Tomlinson et al. (17) have previously used a similar type of analysis to analyze the diversity of amino acids at specific positions in the germline and mature Ab sequences. They found that the frequency of somatic hypermutation and the diversity of the germline sequences is highest in the CDRs. Rather than focus on the mutation frequencies, we examine the type of mutation and its functional implications deduced from the location in the structure. The results indicate that residue type changes during the somatic hypermutation process are significant and have underlying functional rationales.
| Materials and Methods |
|---|
|
|
|---|
The V(D)J germline fitting algorithm is intended to provide reasonable solutions for the germline Ab sequence based on the mature protein sequence for the large majority of cases. It is recognized that no such fitting procedure can be completely free of ambiguities. In some cases, the length of the D region or the lack of residues in many publicly available sequences gives insufficient information for a certain fit. The flexible joining mechanisms of the natural process also limit the reliability of the method. For example, the natural N nucleotide addition process inserts random bases into the sequence, making the concept of a precursor gene at those positions inapplicable. In all situations, the default algorithm behavior is to assume that there was no mutation and that the germline sequence at ambiguous positions is identical with the mature sequence.

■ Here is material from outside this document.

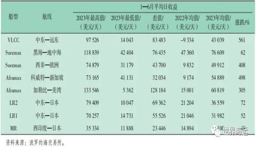 1  2023年上半年油輪各航線日收益表現(xiàn)
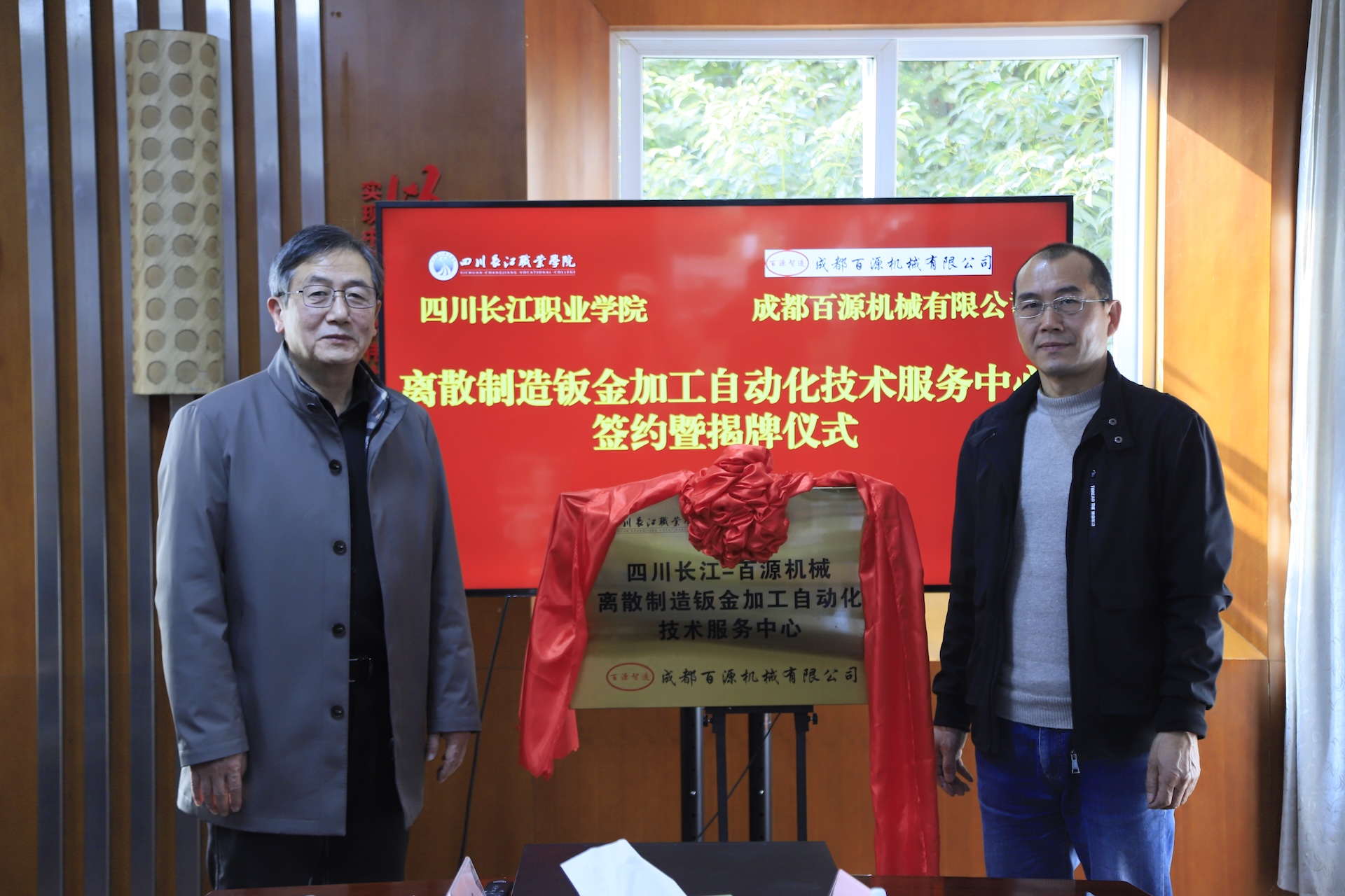 在与会代表的共同见证下,成都百源机械有限公司总经理黄勇与四川长江职业学院常务副校长耿斌共同为“长江—百源离散制造钣金加工自动化技术服务中心”揭牌。

The gene fitting algorithms for the H and L chains share some basic features. In each case, the mature protein sequence is converted to a most probable DNA sequence using mouse or human codon probability tables. Comparisons with the germline V(D)J gene sequences must be done with the DNA sequence, because the germline genes may be read in multiple reading frames (only D and J genes) depending on their position in the final sequence and because some sequences, especially D genes, are too short to reliably match using the reduced information in the protein sequences. Readers interested in the most exhaustive germline fitting procedure for the D gene region should consult the work of Monod et al. (18). Once the most probable mature DNA sequence is determined, V, J, and, if appropriate, D genes from the known library of genes are sequentially fit to the sequence. V(D)J genes are taken from the ImMunoGeneTics (IMGT) database (15, 16). The fitting is done exhaustively for individual gene possibilities by sliding the library gene along the mature DNA sequence and recording the number of matching bases at each offset. Although simple and easy to code, this approach is more reliable than a BLAST search because of the short sequences involved. It is affordable because of the small number of possible germline V(D)J genes; analysis of a L/H chain pair takes a couple minutes. Fitting for the whole data set can be done in 12 days on a computer cluster and could be done considerably faster if the method and code were to be optimized. It should be noted that a useful, fast, and accessible algorithm for blasting against the V genes (IgBLAST) is available on the National Center for Biotechnology Information website (www.ncbi.nlm.nih.gov/igblast).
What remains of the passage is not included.